My baby boy just turned three and my baby girl will be six soon. Every year since I became a mother, this is a tough time. I love planning the birthdays: the cakes, the venue, the decorations and all, but their birthdays are a reminder that their birth days were really quite terrible days in every way except that I became their mother that day. I didn’t really realize how important it was to me until my daughter said she’d rather just have a friend over – I felt the anxiety well up in me at the thought of not having the ‘party’ project to distract me.
I envy, deeply, mothers who can tell those great birth stories – home births, water births, hospital births, heck, even c-sections. Details don’t matter so much as that they remember it with joy that they can recount it for their children. I know they are not fairy tales, but they feel that way to me sometimes and I am sad that I have none of these to share.

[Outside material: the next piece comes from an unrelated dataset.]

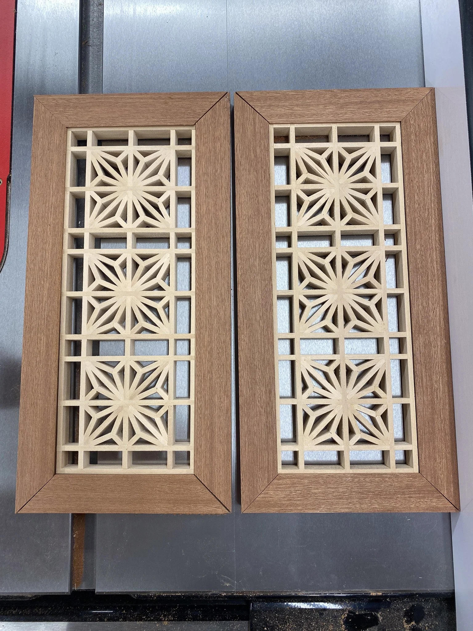 Having no outfeed table anymore - the old one was the wrong height, and the miter slots no longer lined up - I decided to have a quick go at making some frames out of sapele, for the kumiko project that I had made. This was a quirky build as the frames needed to be viewed from both sides - different than a normal picture frame that has a back side where you insert the picture. This one had to be assembled around the kumiko, since there was no way to insert it after glue up. To complicate things, I wanted the overlap of the frame on the edge of the kumiko to be ever so small so as to visually keep it looking the same dimensions as the rest of the kumiko elements. That meant a recess (a dado) of about 1/16th of an inch. SawStop to the rescue. I was able to get the depth I needed and keep the cuts straight so that the tiny edge that holds it in on both sides, would stay nice and even.

Both kids were born among waves of illness and fear and dread with none of the things I had wished for them or myself. It’s hard to tell the story of the good parts without explaining just how terrible the bad parts were. My midwives were my nervous system when I couldn’t process any more, my handrails on the brink of total collapse. Their father was my rock, my enforcer, his hands like a giant’s around their tiny bodies. My tiny little red birds who worked so hard to make me be their mother, rewarding us with thriving rounded cheeks and a house filled with giggles.
It’s a happy ending story that has its heroes and someday I know I’ll figure out a way to tell that to them. For them. I just don’t know how long it takes. If you don’t have a happy story to tell, you can still have the happy ending and that the sad parts of the story do get less important as the happy parts get bigger. I know they do – and hopefully someday, I won’t need to even look for distractions anymore.
But, for now, I’ll bury it in buttercream and ball pits and… Face painting anyone?


1 comments:
I really appreciate this post. My experience wasn't as harrowing as yours but it did wind up with an emergency c-section and 3 days in NICU. Three years later I don't know if I've fully processed just how much danger we were in before we went into the OR. We get these images in our head of the ideal birth (and breastfeeding) experience and when all is said and done and it doesn't turn out that way it can be hard to make peace with that. But as you say, the end is a happy one and as difficult or even painful as that birthing experience may have been it's past and what you're left with is motherhood, still sometimes painful but always worth it.